7. Global Administrative Areas (GADM)
URL: gadm.org
A significant resource for administrative boundary data worldwide, GADM supports multiple formats and coordinate systems, offering flexibility for diverse GIS applications.
8. Natural Earth
URL: naturalearthdata.com
Natural Earth provides global-scale vector and raster datasets for cartography and geospatial analysis. It is commonly used for creating visually appealing maps due to its focus on data simplicity and high quality.
9. MapCruzin
URL: mapcruzin.com
Known for providing free GIS maps and geospatial data, MapCruzin is a good resource for users interested in digital cartography, with a focus on U.S.-based data sets.

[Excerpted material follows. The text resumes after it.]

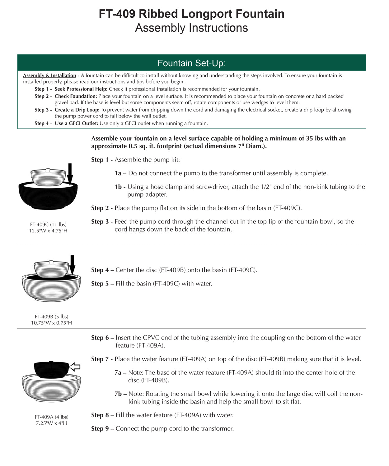 *Due to size and shape, some accessories may not be compatible with each fountain. For questions regarding fountain accessories, please contact customer service.
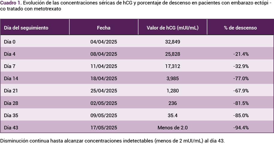 Caso clínico: Paciente de 37 años, con antecedentes obstétricos de dos embarazos y partos normales, sin abortos ni cirugías pélvicas previas, con amenorrea de ocho semanas y sin controles prenatales. Acudió a urgencias debido a un dolor hipogástrico leve e intermitente de 24 horas de evolución, acompañado de escaso manchado transvaginal color marrón. En la exploración ginecológica el útero se apreció en anteversoflexión, sin aumento de tamaño, y una tumoración anexial derecha poco definida y levemente dolorosa; el cuello uterino estaba cerrado y sin alteraciones, y no se detectaron signos de infección. Se le indicó metotrexato en esquema de monodosis (50 mg/m² IM), con vigilancia hospitalaria. A las 72 horas las concentraciones de hCG disminuyeron en 21.4%. Si bien ese descenso fue clínicamente aceptable, se administró una segunda dosis de metotrexato por el valor inicial elevado de la hCG, siguiendo las recomendaciones de las guías más actuales.

10. National Historical GIS
URL: nhgis.org
An essential resource for historical geospatial studies in the United States, providing census data and boundary files dating back to 1790.
11. GeoCommunicator (Bureau of Land Management)
URL: www.geocommunicator.gov
This platform focuses on the Public Land Survey System (PLSS) data and supports the mapping of federal land parcels. It’s particularly useful for land management and cadastral surveys in the U.S.
12. GeoCommunity – GIS Data Depot
URL: data.geocomm.com
GeoCommunity offers various types of raster data, including U.S. Geological Survey DRGs, DEMs, DOQQs, and FEMA Flood Data, making it a useful, though more specialized, resource.
13. GEOFABRIK
URL: download.geofabrik.de
GEOFABRIK provides OpenStreetMap shapefiles for streets and other geographic features worldwide. It is a highly specialized tool, particularly valuable for urban studies and infrastructure projects.